Albert Einstein sticks out his tongue at reporters on his 72nd birthday.… (Arthur Sasse / AFP/Getty…)
Stop what you are doing and try saying this 10 times fast: "pad kid poured curd pulled cod."
Feeling tongue tied? You should. You just tried what might be one of the trickiest tongue twisters ever devised.
In a recent study, a research team found that "pad kid poured curd pulled cod" tripped up test subjects more than any other tongue twister they were asked to say. In fact, many people gave up on saying the phrase all together.
"If anyone can say this 10 times quickly, they get a prize," Stefanie Shattuck-Hufnagel, a psychologist at MIT, said in a statement.
Shattuck-Hufnagel and her colleagues did not set out to invent the hardest tongue twister ever. Rather, they wanted to see if different types of tongue twisters cause different types of speech errors.
For example, most people will get tongue tied when they try to say "top cop" 10 times fast -- but the type of mistake they make is not always the same.

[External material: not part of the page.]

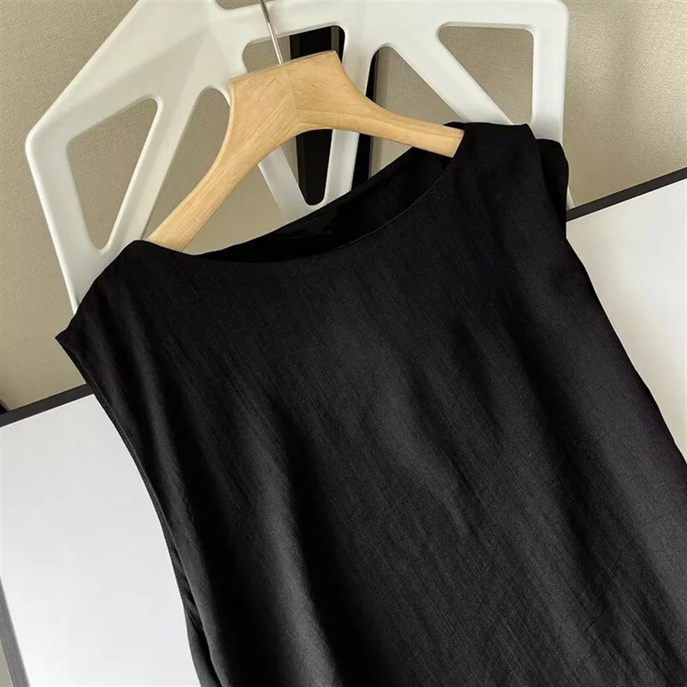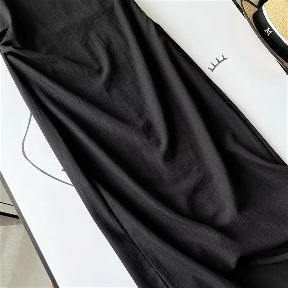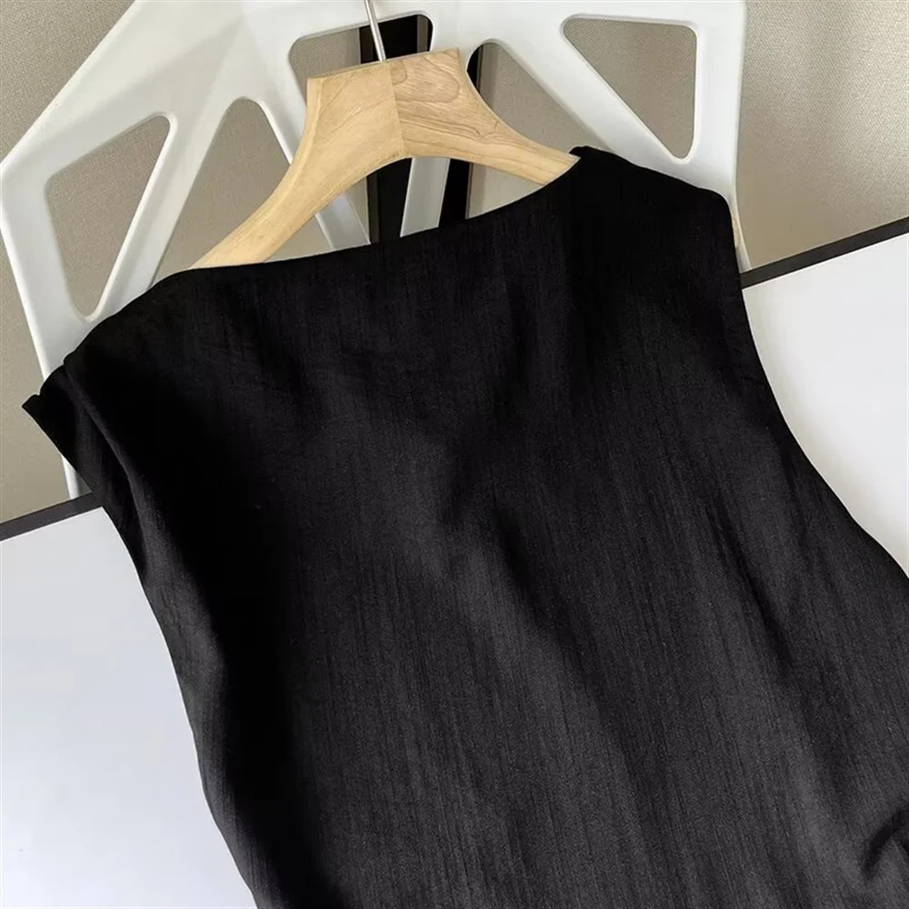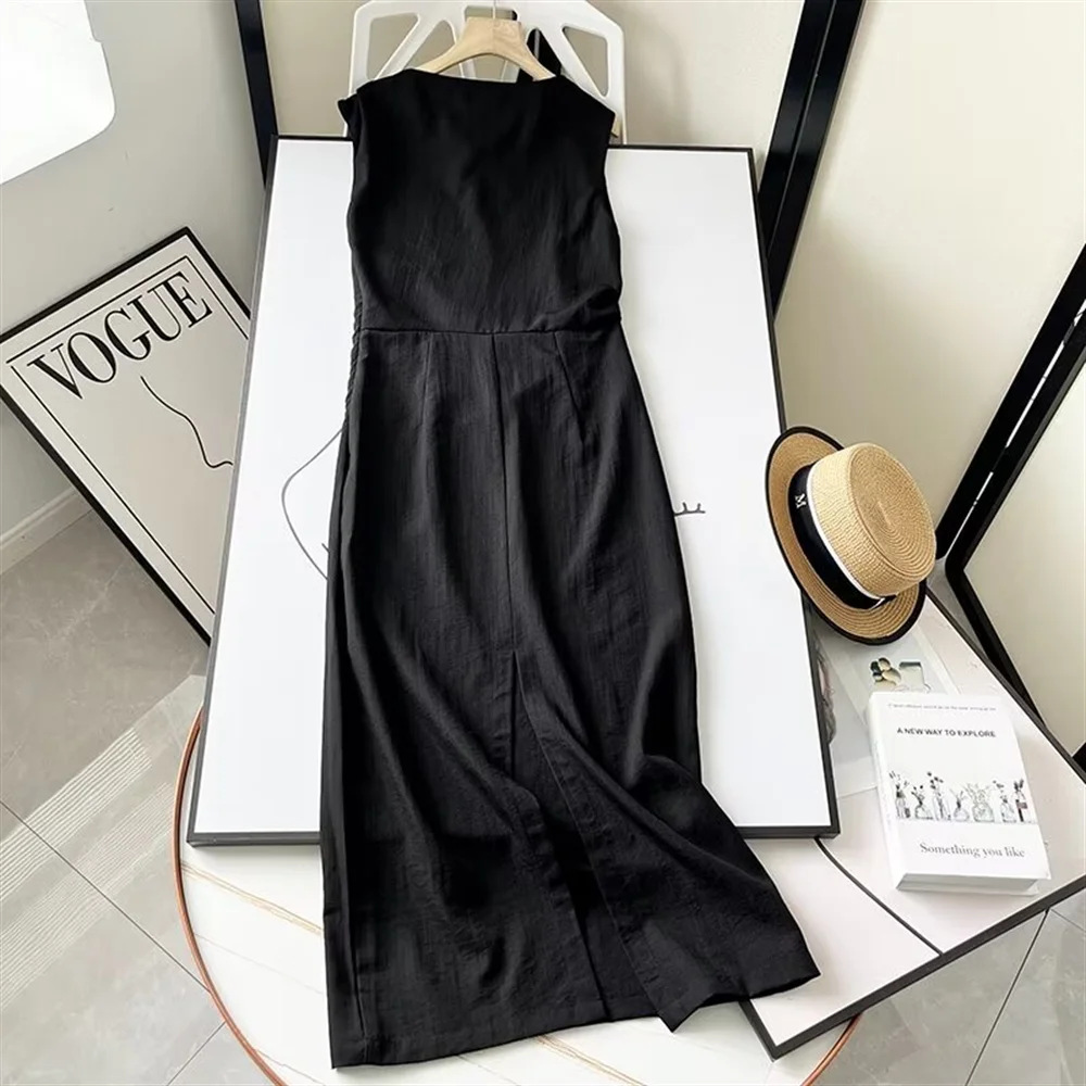-Color: Black -Style: Minimalist style -Pattern Type: Solid Color -Sleeve Length: Sleeveless -Neckline: Round neck -Length: Long skirt -Material: Cotton and linen -Fabric: Cotton and linen -Closure Type: Sleeve -Details: Wrinkles -Fit Type: slim fit – Occasion: party – Gender: Women – Size: unit๏ผCM Size US Size Bust Size Length Shoulder Width waist XS 2 […]
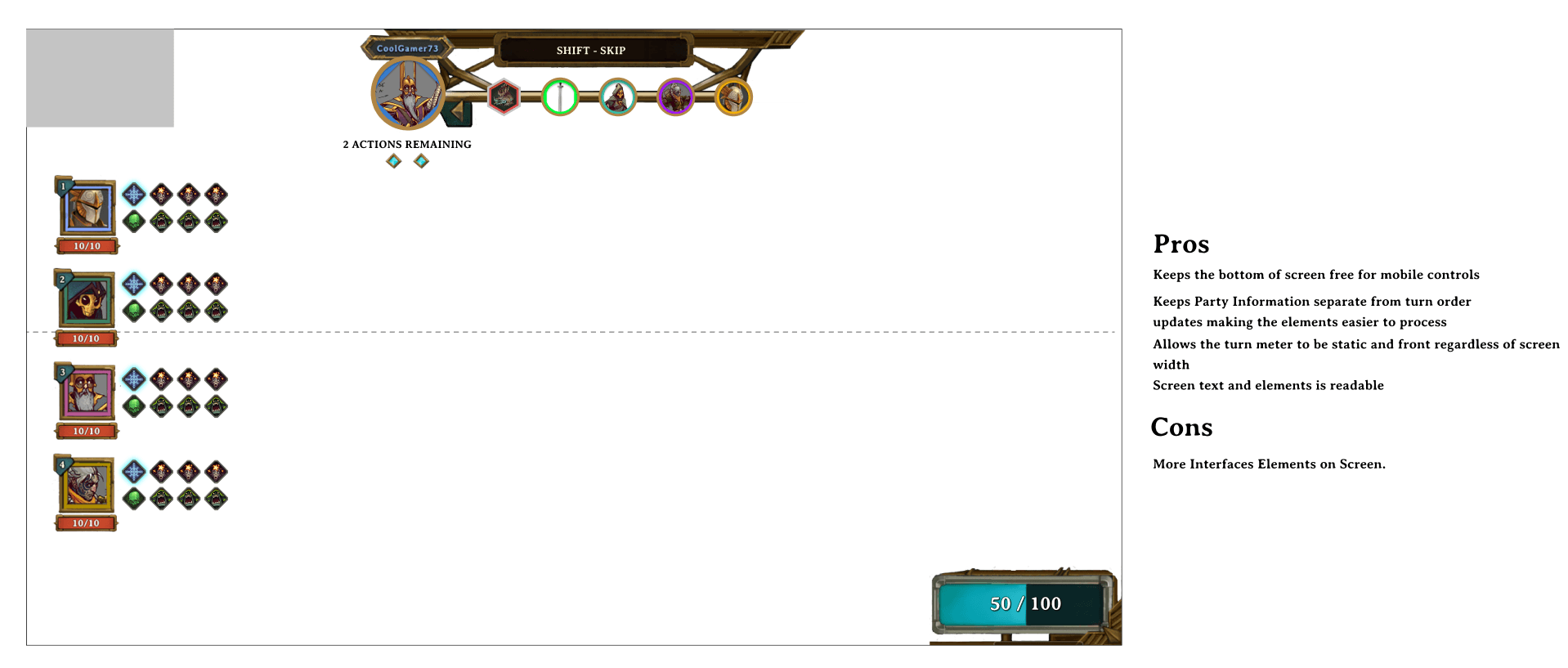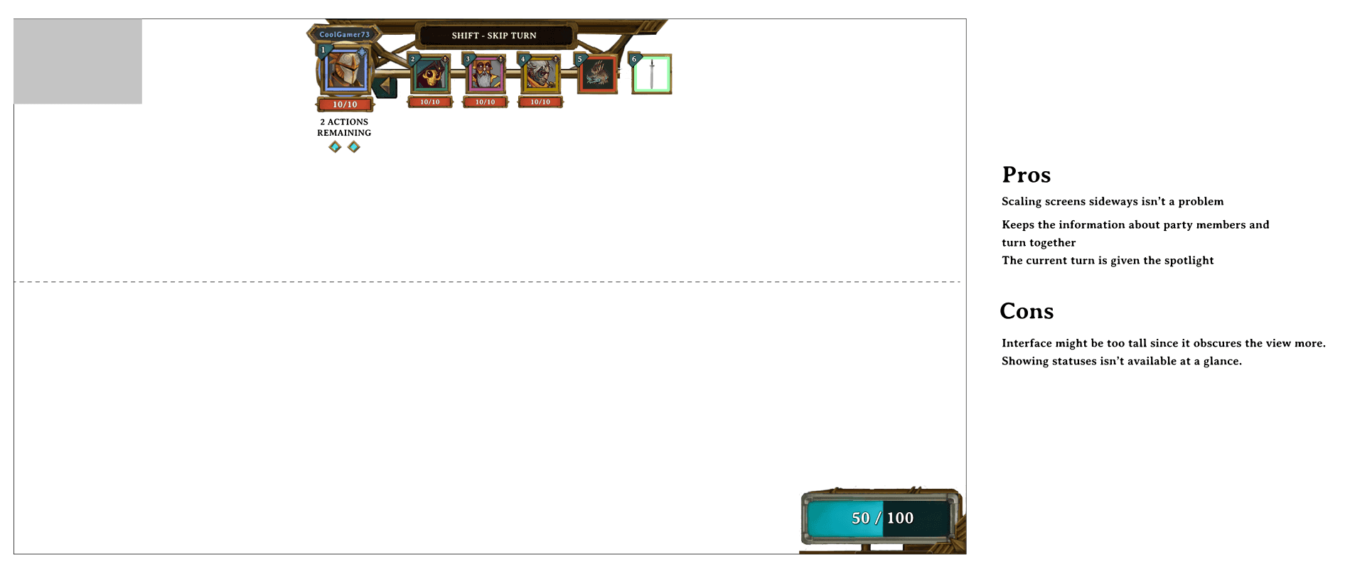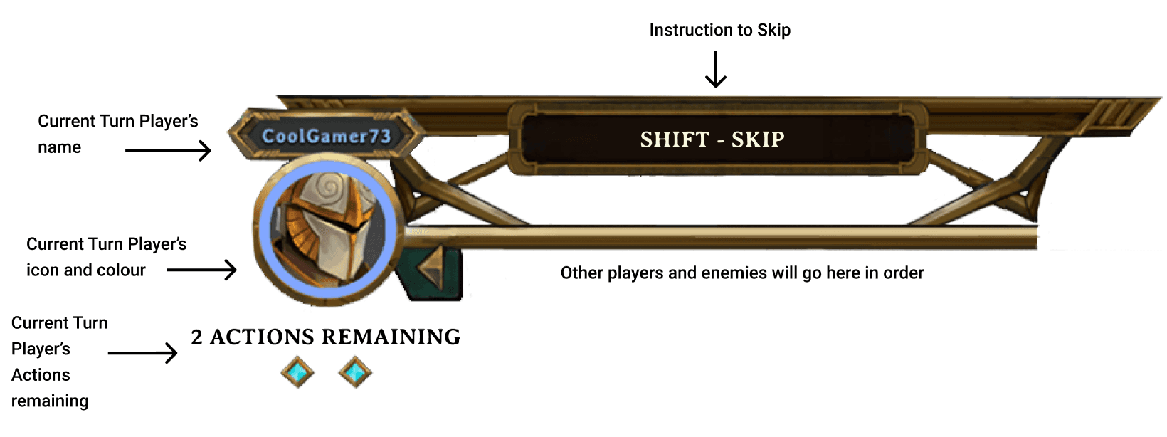 The turn meter is anchored to the top of the screen and centered horizontally. It lets the player know who’s turn it is, who is coming up next, how many actions they have remaining and then how they can skip their turn.

If you try to say "top cop" quickly it will often start to sound like "cop cop." But it turns out the error is not really a simple substitution of the "k" sound for the "t" sound. After recording participants in a previous study, the researchers found that sometimes the "t" and "k" sounds arrive at once, making something that sounds like "t'kop." Other times there is a delay between the two sounds with enough time for a vowel sound to pop in, so "top" becomes "tah-kop."
In this study, the researchers wanted to see if one type of mistake was more common when people said simple lists of words quickly -- like "top cop," compared with full sentence-type tongue twisters like "pad kid poured curd pulled cod."
They found that people were more likely to make the "t'kop" error with word lists, and more likely to make the "tah-kop" error with the sentence tongue twisters. However, they still don't know why.
For the next phase of their research, the scientists have already put tiny transducers on test subjects' tongues to measure their articulation as they struggle to say tricky word combinations. Ultimately, they would like to understand how the brain plans for these two different types of speech.
And, yes, the goal once again will be to trip people up.
"When things go wrong, that can tell you something about how the typical, error-free operations should go," Shattuck-Hufnagel said.